Production out of the nation’s shale plays over the past five years, especially the Marcellus Shale, has proven many early skeptics wrong, according to Terry Engelder, a geosciences professor at Pennsylvania State University who helped spawn interest in the Marcellus through his reserve estimates in 2008.

Engelder said that articles written by Ian Urbina in the New York Times that, among other things, described the shale gas industry as a “Ponzi” scheme whose future would match that of Enron Corp. (see Shale Daily, Oct. 8, 2012), and dour predictions by anti-fracking groups and environmentalists that the shale gale would quickly fade, don’t hold water — and neither do current critiques that claim some companies have beefed up their shale production numbers in misguided efforts to pay off old debt.

“There’s a bunch of stuff out there that I think needs to be debunked,” Engelder said during a webinar sponsored by Penn State Cooperative Extension Thursday.

It was Chesapeake Energy Corp. that took much of the heat from Urbina and other shale skeptics — the company at one point was accused of exaggerating shale gas well productivity and industry reserve estimates (see Shale Daily, June 28, 2011) — but data gathered since then proves that Chesapeake’s petroleum engineers and geologists “really knew what they were doing,” according to Engelder. “The decline curves they predicted, without much data…have really held up over time,” he said.

Critics in the early days of the shale gale said the natural gas industry was setting itself up for collapse, with reserve estimates supposedly exaggerated and decline curves underestimated. Since then, production out of U.S. shale plays has flooded the market, lowering prices nationally, with reverberations felt throughout the economy (see Shale Daily,Sept. 11; Sept. 5; May 21). And the Marcellus remains the gold standard of the nation’s shale plays.

“The average Marcellus well is going to have a production history that looks to me like it will net somewhere on the order of three times as much gas as the average Barnett [Shale] well, to give an indication of how it’s doing,” Engelder said.

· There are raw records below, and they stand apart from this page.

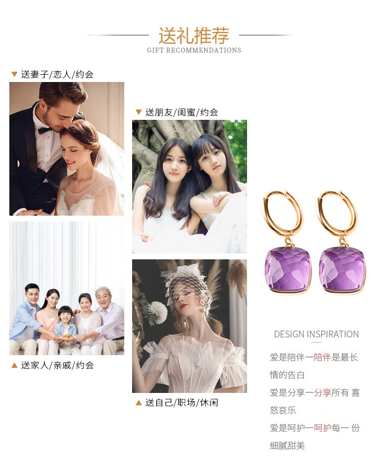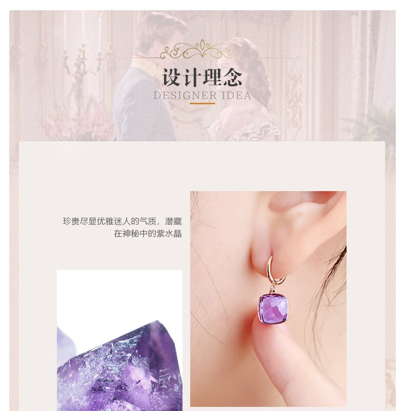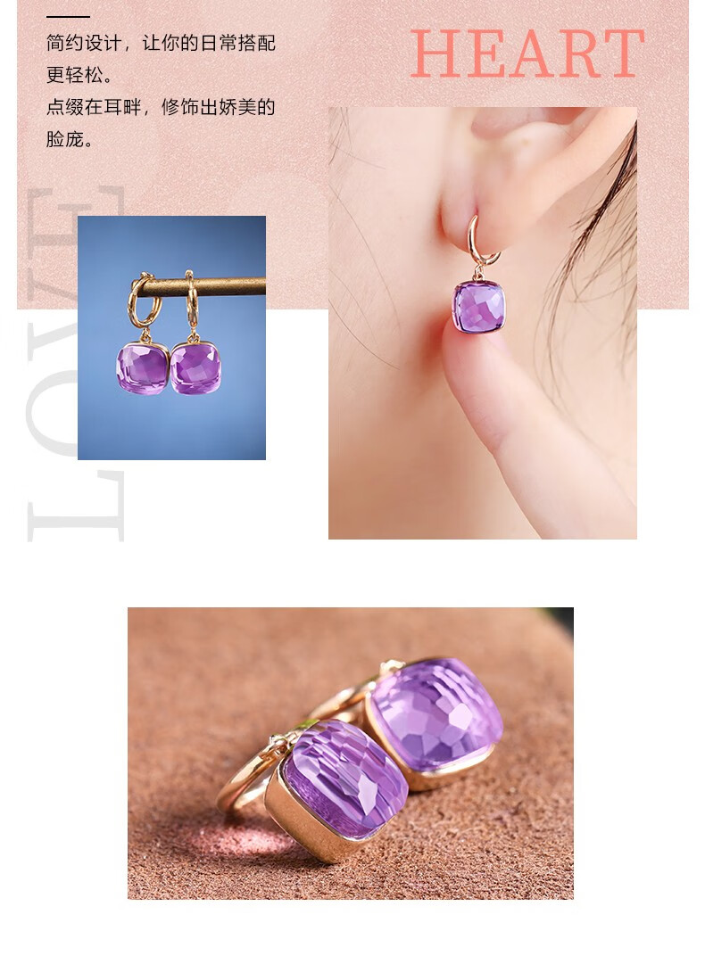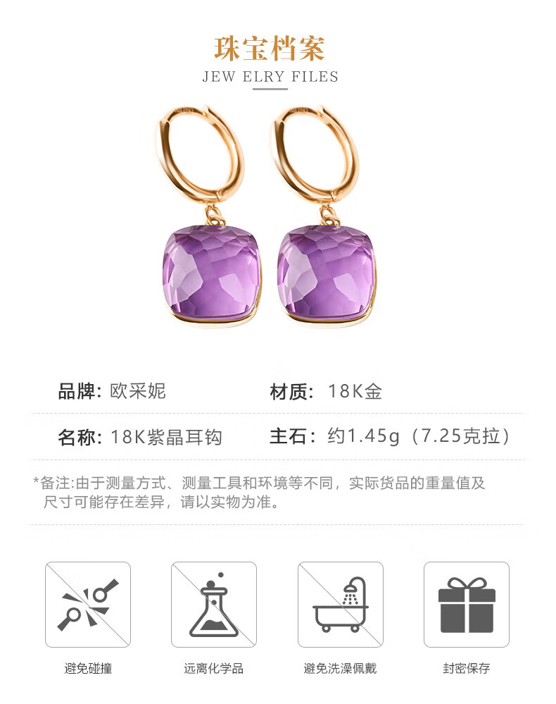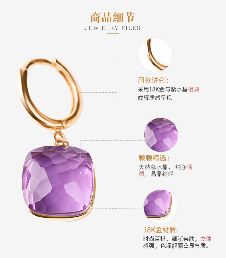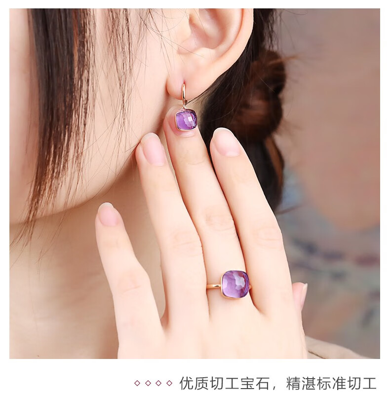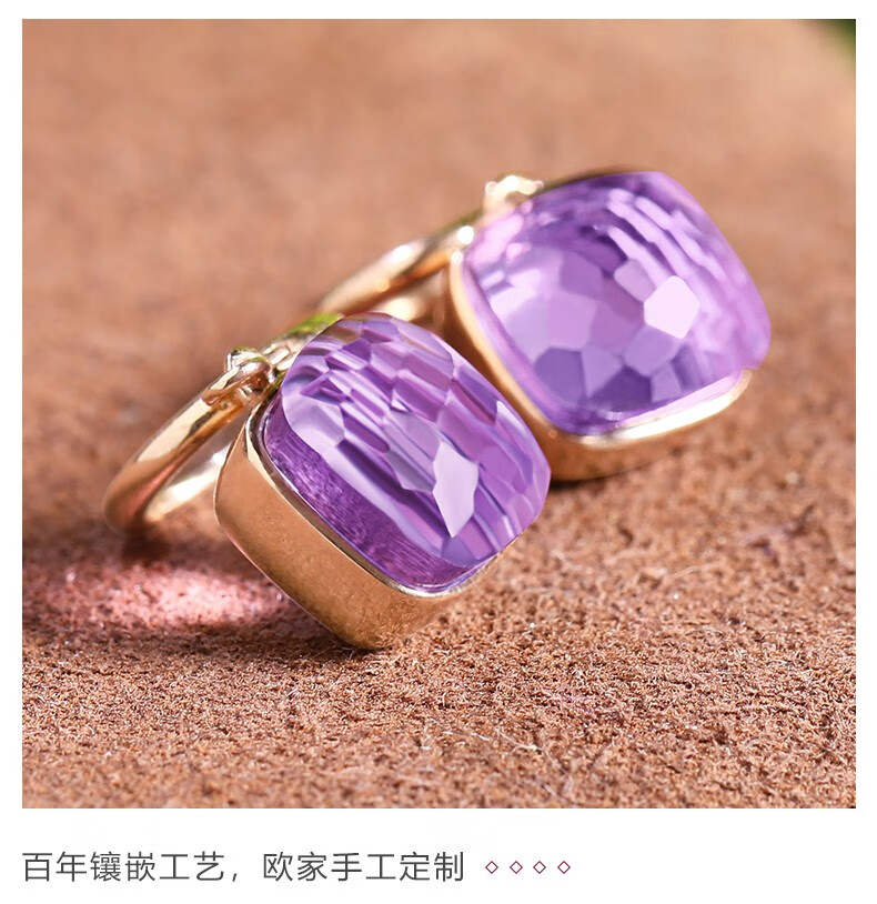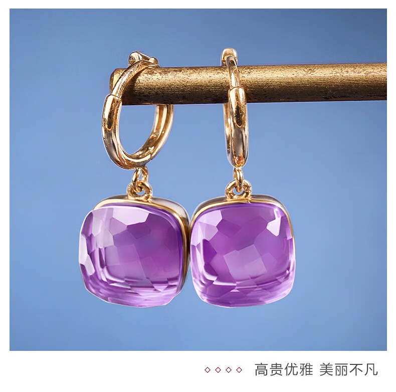 OUCERNY amethyst earrings for women, 18k gold inlaid gemstone earrings, exquisitely cut natural amethyst colored treasure gifts, ready for delivery, one item, one certificate
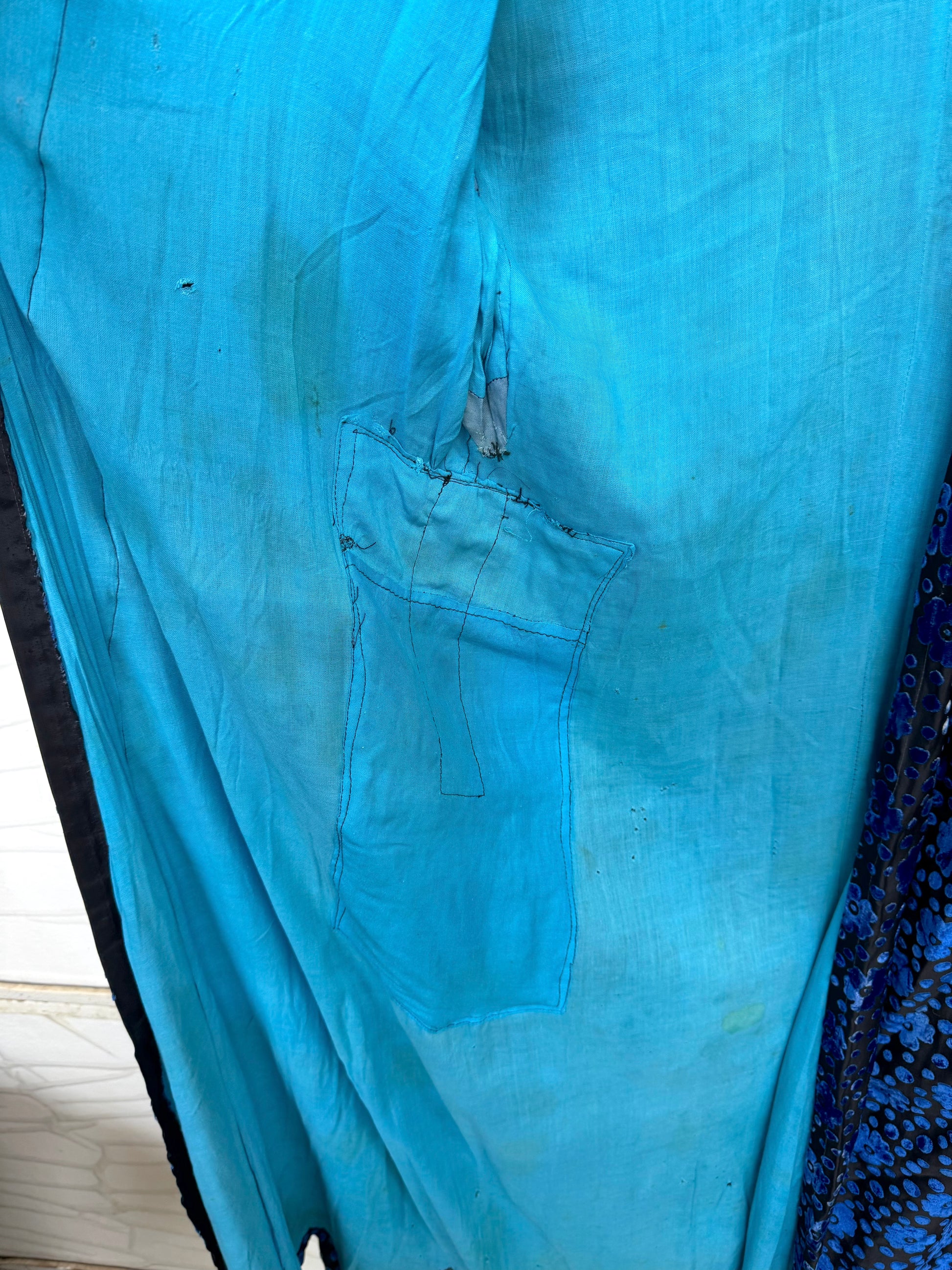 There is some visible wear on the inside, including mended areas, all clearly shown in the photos. The repairs add to its story and make it a perfect piece for anyone who appreciates slow fashion, visible mending, or garments with history and heart.
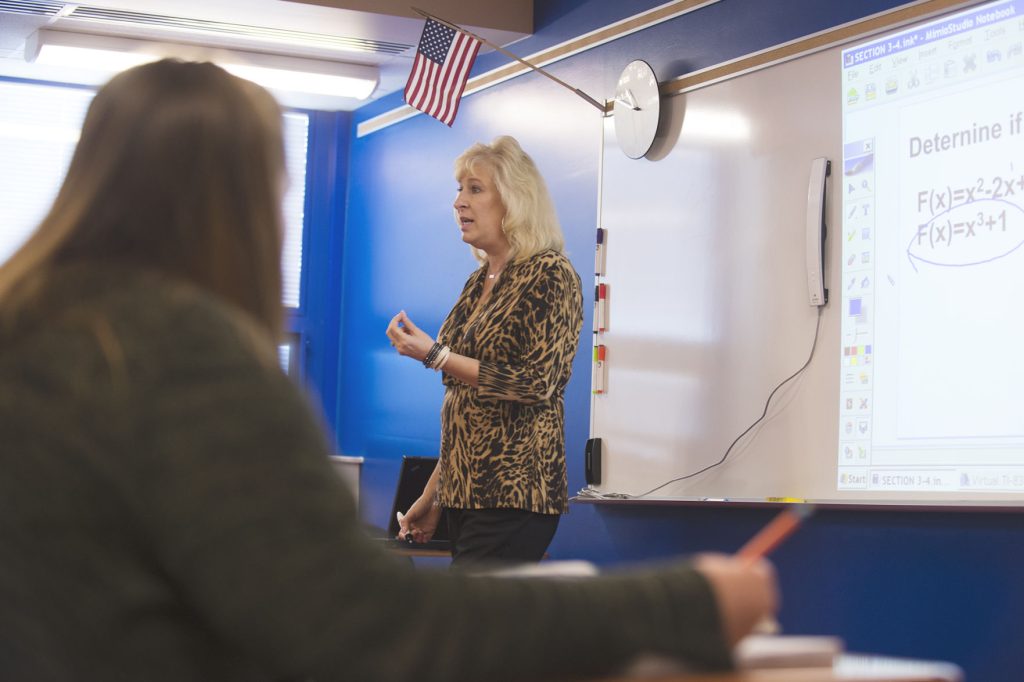 For the last 15 years, Iacconi has taught honors algebra II and honors trigonometry/pre-calculus courses. With energy, she gives the same lecture multiple times a day, working to instill critical thinking skills in her students.
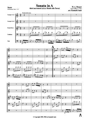 Sonata in A - Noten fĂŒr BlechblĂ€serquintett W. A. Mozart (3.Satz Rondo alla turca)
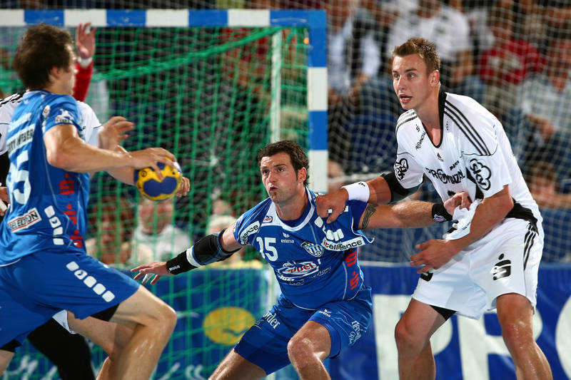 | Deckungsarbeit. | Filip Jicha beim Strafwurf. | Kampf um den Ball. | Filip Jicha. | |||

And nay-sayers have said natural gas shale wells can not pay for themselves. Not true, Engelder said. Cumulative production in Pennsylvania through June 2013 was 4.8 Tcf, enough to pay for 3,409 wells at $3.50/Mcf, assuming leasing is part of the $5 million average well cost, he said.

“These numbers are soft, I admit, but if you actually take these at face value you can see that roughly 95% of all Marcellus wells — that includes ones that have only produced for six months to a year — 95% of all Marcellus wells have paid for themselves, based on early production. Admittedly, gas price goes up and down and there are other costs going up and down, but this gives you some idea just how robust it is.”